The first four of these equations are demonstrated in the two preceding propositions. To shew the truth of the other equations, let D F be the great circle of which A is the pole, and produce B C till it meet D F in F; produce A C and A B also till they meet D F in D and E. Then as the angle B is a right angle, F is the pole of A B; BD, the measure of the angle F, is the complement of AB; ED, the measure of the angle A, is the complement of E F; E C is the complement of A C, C F is the complement of B C; the angle ECF is equal to the vertical angle A CB; and the angle CEF is a right angle.

Now by Propositions 13 and 14, in the right angled triangle C E F, we have

rad. sin C E = tan E F. cot E CF; or rad. cos A C = cot A CB. cot A (Equation 5.)

rad. sin C E = sin C F . sin CFE; or rad. cos A C= cos B C . cos A B (Equation 6.)

rad. sin E F = tan C E. cot F; or rad. cos A cot A C. tan A CB (Equation 7.)

rad. sin E F = sin C F . sin FCE; or rad. cos A = cos B C. sin A C B (Equation 8.)

And by taking C as the pole of a great circle, and producing B C, A C, and completing the figure as above, the ninth and tenth may be deduced exactly in the same manner as the seventh and eighth have been.

SCHOLIUM.

Each of the above equations may be expressed in the form of an analogy; and if any three of the quantities which with radius form one of the equations be given, the fourth may be found by proportion.

But in recollecting the different equations there may be sometimes a risk of confounding one of them with another; and an expedient which may aid in recollecting the equation which is appropriate to the solution of any case that may be proposed, must be considered as very desirable.

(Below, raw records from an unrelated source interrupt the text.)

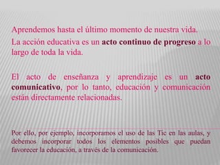 La acción educativa es un proceso continuo a lo largo de la vida que implica la planificación intencional de objetivos educativos. Implica trabajar múltiples inteligencias de los estudiantes para formar ciudadanos con conciencia crítica sobre principios sociales. La educación puede clasificarse en formal, no formal e informal, cada una con un papel complementario en el desarrollo integral del individuo.
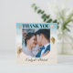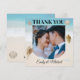 Capture a alegria da sua celebração à beira-mar com este cartão de agradecimento lindamente desenhado. Com suaves acentos de aquarela de conchas, ondas e folhas tropicais, e sua foto de casamento favorita, é a maneira perfeita de expressar gratidão após um casamento íntimo na praia ou destino. Personalize com nomes, data ou localização para um presente verdadeiramente sincero.
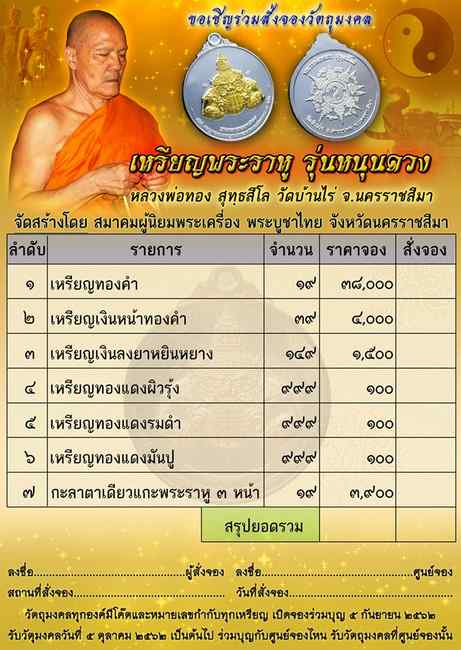 | หัวข้อกระทู้ : เปิดให้จองเหรียญพระราหู รุ่นหมุนดวง หลวงพ่อทอง สุทฺธสีโล |
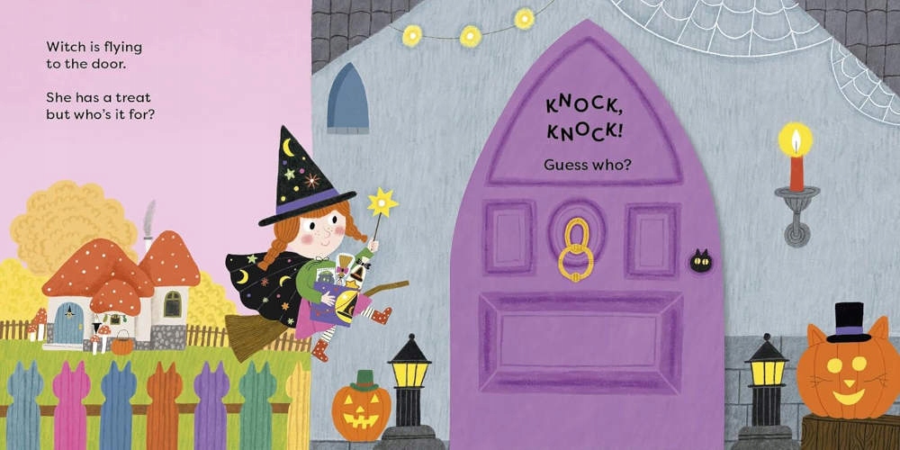Стук, стук! Вгадай хто? Дітям сподобається приєднатися до цієї пригоди на Хелловін, оскільки ці дружні персонажі розносять одне одному частування на Хелловін. Постукайте в двері й відчиніть їх, щоб дізнатися, кого освистали!

Baron Napier, a Scotch nobleman, the celebrated inventor of logarithms, had the fortune to observe, that by a particular

classification of the parts of a right angled triangle, all the equations might be included in two, easy of recollection, and simple in their application.

These equations of Napier (commonly called Napier's Rules for the Circular Parts) may be thus explained.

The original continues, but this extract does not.